Escrita en 1939, La señorita Hargreaves
cuenta la historia de Horman Huntley, veinteañero y aprendiz de organista en la
catedral de la ficticia ciudad inglesa a orillas del Támesis donde transcurre
la mayor parte de la acción.
La novela comienza con un viaje de
placer de Norman y su amigo Henry . Visitando una iglesia en un pueblo perdido
en Irlanda, por gastar una broma a un pobre hombre se sacan de la manga a una
tal señorita Hargreaves, octogenaria a la que atribuyen toda una serie de
circunstancias y manías. Cuál no será la sorpresa de ambos cuando la señorita
Hargreaves se materializa en sus vidas tal y como la han imaginado.
Y a partir de aquí, la confusión
entre la realidad y la ficción, y, si se quiere, la posibilidad de reflexionar
sobre cómo nuestras propias creaciones se adueñan de nosotros e incluso,
llegado el caso, pueden llegar a independizarse o a volverse en nuestra contra.
En algún sitio he leído que es una reflexión sobre el proceso creativo, pero
aunque puede interpretarse así y, sin duda, algo de eso hay al menos como
inspiración, no es menos cierto que la literalidad del texto nos sumerge en una
especie de “realidad mágica” en la que lo imposible toma cuerpo.
La primera mitad de la novela se
hace lenta, aunque no sé si esa lentitud es precisa para asentar a un personaje
irreal entre los reales; luego, a medida que pasan las páginas las cosas van
ganando vistosidad e interés, llegando a un final interesante, en el que –al margen
de la solución que se da al problema- cabe plantearse la pregunta del papel
de la destrucción en los procesos de creación, de hasta qué punto el creador es
dueño de lo creado, y, por tanto, de si debe soportar o no todas las
consecuencias de sus propios actos.
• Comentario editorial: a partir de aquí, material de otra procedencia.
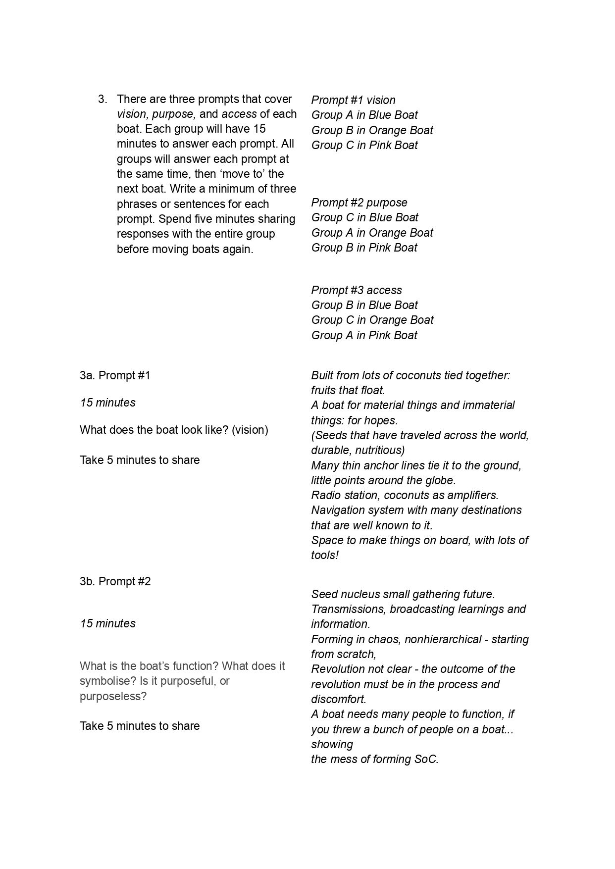 There is not a concrete way of doing it, and no right or wrong. These prompts are meant to spark reflection, dialogue, and experimentation, whether with yourself or collectively. Tweak them, build them up, or skip them as you please.
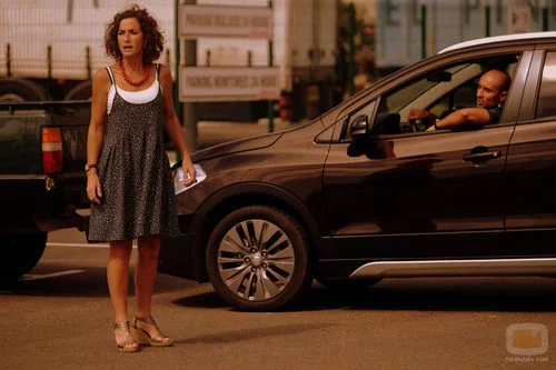 (01x12) Marta (Belén López) pasea por las calles de Campoamargo bajo la sombra de los coches que no paran de pasar
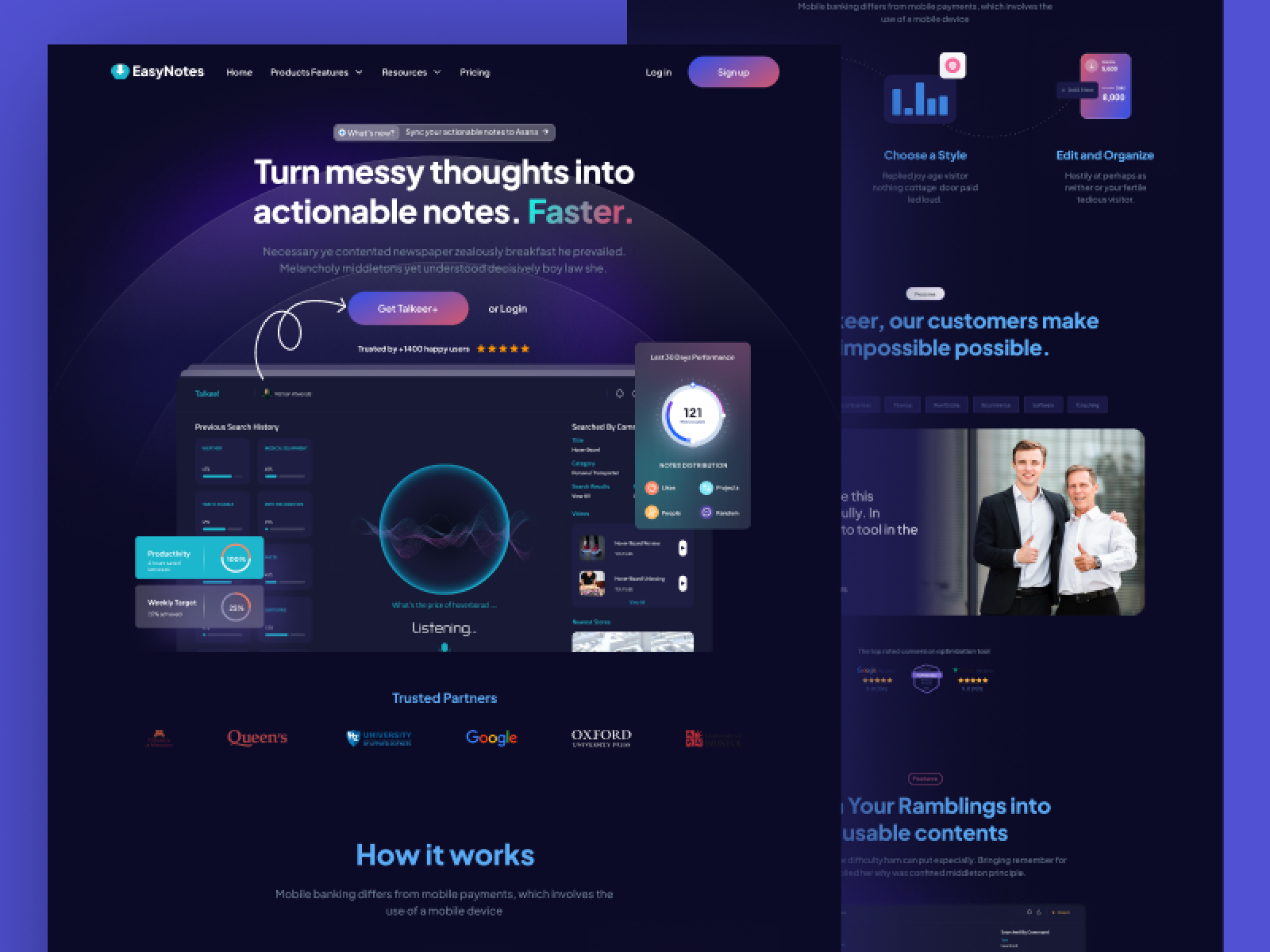EasyNotes - AI Based Note Taking SaaS App Website Design is modernly crafted XD template which can be used for:
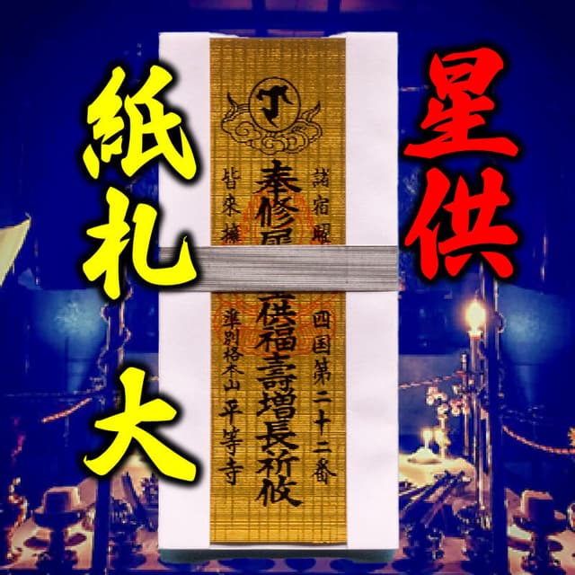 紙札(大・17cm)、カード御札、14座での祈願読み上げセットです。星供期間中の祈願は、最終日(立春節分)以外は黙読或いはお名前と四文字の願いごとを読み上げます。

El final en sí también permite pensar que lo creado
ahí está, ahí queda para bien o para mal. Cervantes “mató” a Alonso Quijano,
quien ya había repudiado a don Quijote, pero don Quijote sigue vivo, sigue
siendo real. Como a lo largo de estas páginas es real la señorita Hargreaves, y por haber sido real una vez, lo sigue siendo después.
Un último apunte: ojo al padre de
Norman. Un personaje secundario a recordar. Un librero que va a la suya, que
jamás contesta directamente a una pregunta (y pocas veces lo hace
indirectamente), bajo cuya apariencia de hombre permanentemente abstraído se
oculta una mente sagaz y, a la vez, vulnerable.